In FWP's most recent survey, Smith counted 3,284 elk in the hunting district, which is 53% above objective. The numbers included 383 elk with at least six antler points per side, which is generally considered a mature bull elk.
Currently, local BLM offices are revising resource management plans for 123 million acres of the 245 million acres the agency manages across the West, says Webster. The plans will determine how land is managed for future decades.
It is through these land-use management processes that the sportsmen are hoping to convince local BLM land managers and others to embrace the BCAs. The sportsmen believe that the BLM has the flexibility, administratively, to implement BCAs under the Federal Lands Policy and Management Act, and through the planning process for the resource management plans.
"It's about land-use plans, not about legislation," said Webster, maintaining that the BCAs are a moderate approach to backcountry conservation.
However, Dan Brunkhorst, planning and environmental coordinator for the BLM’s Central Montana District, says that “multiple-use is really hard work.”
Since management of backcountry areas was last considered, there have been significant changes in values and how people use and recreate on public lands. For instance, technology advancements in fluid minerals development, like hydraulic fracturing need to be considered. There is also more demand now for motorized recreation. Also, Brunkhorst notes that updates are needed to recognize the current status of grizzly bear populations.

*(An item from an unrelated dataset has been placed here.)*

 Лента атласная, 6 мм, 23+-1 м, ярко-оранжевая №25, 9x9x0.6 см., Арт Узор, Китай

To find out what issues are important to the public, the BLM has been taking comments. Based on the feedback, the most important issues include wildlife habitat, recreation and visitor services, travel management, wilderness characteristics and resource uses such as oil and gas development and motorized access. One of the most prevalent themes during the initial scoping period was “keep it the way it is.” Now, the agency’s challenge is to balance the many competing values, Brunkhorst said.
"We are lucky in central Montana that, compared to the rest of the country, we have relatively intact landscapes and health ecosystems," Brunkhorst said. "So our main challenge will be to keep it that way.”

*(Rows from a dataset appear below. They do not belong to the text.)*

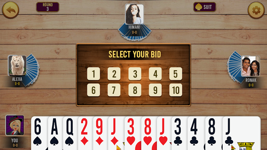 Cardgame Callbreak Multiplayer Roundの勝者は、次のラウンドを開始するためにカードのプレイを投げることができます。 13ラウンドがあり、その後次の取引が開始されます。友達と勝利ゲームを祝い、スコアポイントを共有する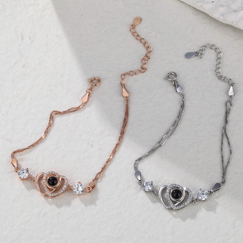 Op maat gemaakte armband met dubbel hartmotief van 925 sterling zilver
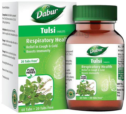 Dabur Pure Herbs Respiratory Health Tulsi Tablets - Get 20 Tablets Free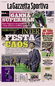 L'edizione odierna de "La Gazzetta dello Sport" si sofferma sull'Inter e le accuse di Zhang.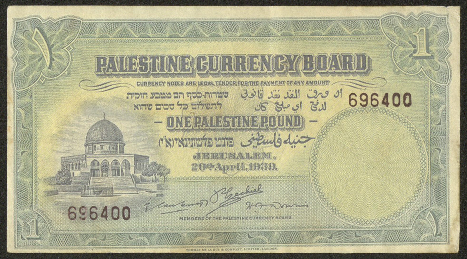 Issued in Jerusalem and circulated during the British Mandate of Palestine until the 1948 Nakba, this document shows a Palestinian Pound with the following note "currency notes are legal tender for the payment of any amount", written in the three official languages of the British Mandate; English, Arabic and Hebrew. A photograph of the Dome of the Rock also appears on the Pound.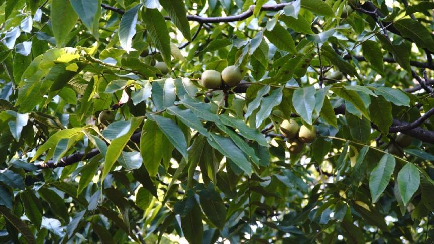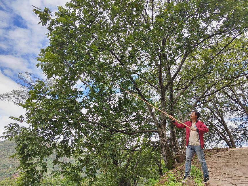 “咚咚咚.......”随着长竹竿晃动,一颗颗新鲜的核桃果落地,不一会就堆成小山。走进白路镇营盘村委会中沟村,一片片核桃林绿意盎然,三颗一枝,五颗一簇,核桃果挂满枝头,农户手持长竹竿忙着将核桃敲落枝头。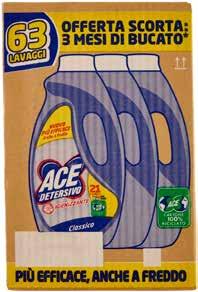 ACE DETERSIVO IGIENIZZANTE CLASSICO/COLORATI 3 x 21 Lavaggi € 6,45 PRIL EXCELLENCE DUO GEL SCIOGLI GRASSO 540 ml € 3,59 LENOR ORO & FIORI 86 lavaggi € 4,99 KH-7 ANTICALCARE 750 ml € 2,00 SMAC EXPRESS SGRASSATORE/ IGIENIZZANTE/ SCIOGLICALCARE 650 ml € 1,50 KH-7 CUCINA UNIVERSALE 750 ml €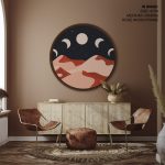 Moon phases landscape abstract #151 - Circular Wooden Frame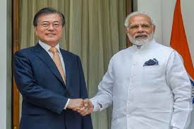 प्रधानमंत्री नरेन्द्र मोदी एवं दक्षिण कोरिया के राष्ट्रपति मून जेई इन ने दोनों देशों के विशेष सामरिक संबंधों को और अधिक मजबूत बनाने पर जोर दिया तथा इन्हें आगे बढ़ाने के लिये चार समझौतों पर हस्ताक्षर किये । प्रधानमंत्री मोदी ने भारत की पहली यात्रा पर आए दक्षिण कोरिया के राष्ट्रपति मून के साथ संबंधों के विविध आयामों पर विस्तृत चर्चा की ।मोदी ने कहा, ‘‘ हमने अपने द्विपक्षीय संबंधों की समीक्षा की और क्षेत्रीय एवं विविध वैश्विक विषयों पर चर्चा की । नीतिगत स्तर पर भारत की ‘एक्ट ईस्ट पालिसी’ और कोरिया गणराज्य की न्यू सदर्न स्ट्रैटेजी में स्वभाविक एकरसता है। मैं राष्ट्रपति मून के इस विचार का स्वागत करता हूं कि भारत और कोरिया के संबंध न्यू सदर्न स्ट्रैटेजी के आधार स्तम्भ हैं । ’’ दक्षिण कोरिया के राष्ट्रपति मून जे..इन ने कहा, ‘‘ हमने द्विपक्षीय सहयोग के नये युग की शुरुआत की है ।’’ दोनों देशों ने उन्नत समग्र आर्थिक गठजोड़ समझौते :सीईपीए: के तहत अर्ली हार्वेस्ट पैकेज पर संयुक्त बयान पर हस्ताक्षर किया । इसके मुताबिक, उन्नत सीईपीए के तहत जारी वार्ता को आगे बढ़ाना और इसके लिये झींगा, सीप, प्रसंस्कृत मछली जैसे क्षेत्रों में कारोबार उदारीकरण को आगे बढ़ाना है। भारत और दक्षिण कोरिया ने कारोबार उपचार के विषय पर भी एक सहमति पत्र पर हस्ताक्षर किये । इसके तहत एंटी डंपिंग, सब्सिडी, सहयोग समितियां स्थापित कर, विचार विमर्श और सूचनाओं के आदान प्रदान के जरिये सुरक्षा उपाए करने की बात कही गई है।

Still, the BLM has also made it clear that it will not designate a new administrative designation such as BCAs in Montana, Brunkhorst said.

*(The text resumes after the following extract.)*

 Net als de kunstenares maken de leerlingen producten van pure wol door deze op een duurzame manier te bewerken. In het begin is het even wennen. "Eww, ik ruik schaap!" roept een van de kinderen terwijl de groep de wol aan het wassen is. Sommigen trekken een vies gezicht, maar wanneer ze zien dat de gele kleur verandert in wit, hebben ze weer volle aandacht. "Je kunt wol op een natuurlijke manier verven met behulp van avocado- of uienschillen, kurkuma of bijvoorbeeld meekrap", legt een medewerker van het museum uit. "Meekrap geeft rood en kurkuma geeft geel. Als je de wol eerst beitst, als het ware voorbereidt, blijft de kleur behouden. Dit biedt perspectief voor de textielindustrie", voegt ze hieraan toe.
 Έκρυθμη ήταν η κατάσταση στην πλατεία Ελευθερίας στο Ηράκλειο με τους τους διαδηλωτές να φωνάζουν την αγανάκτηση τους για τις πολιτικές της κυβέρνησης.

The agency is, however, willing to look at the areas proposed for BCAs to assess whether or not they meet the objectives of existing administrative designations, such as areas of critical environmental concern and lands with wilderness characteristics.
"Ultimately, we make a decision to best balance competing values on public lands," Brunkhorst said.
BCAs also are being proposed on BLM lands in Colorado, Idaho, Nevada and Oregon.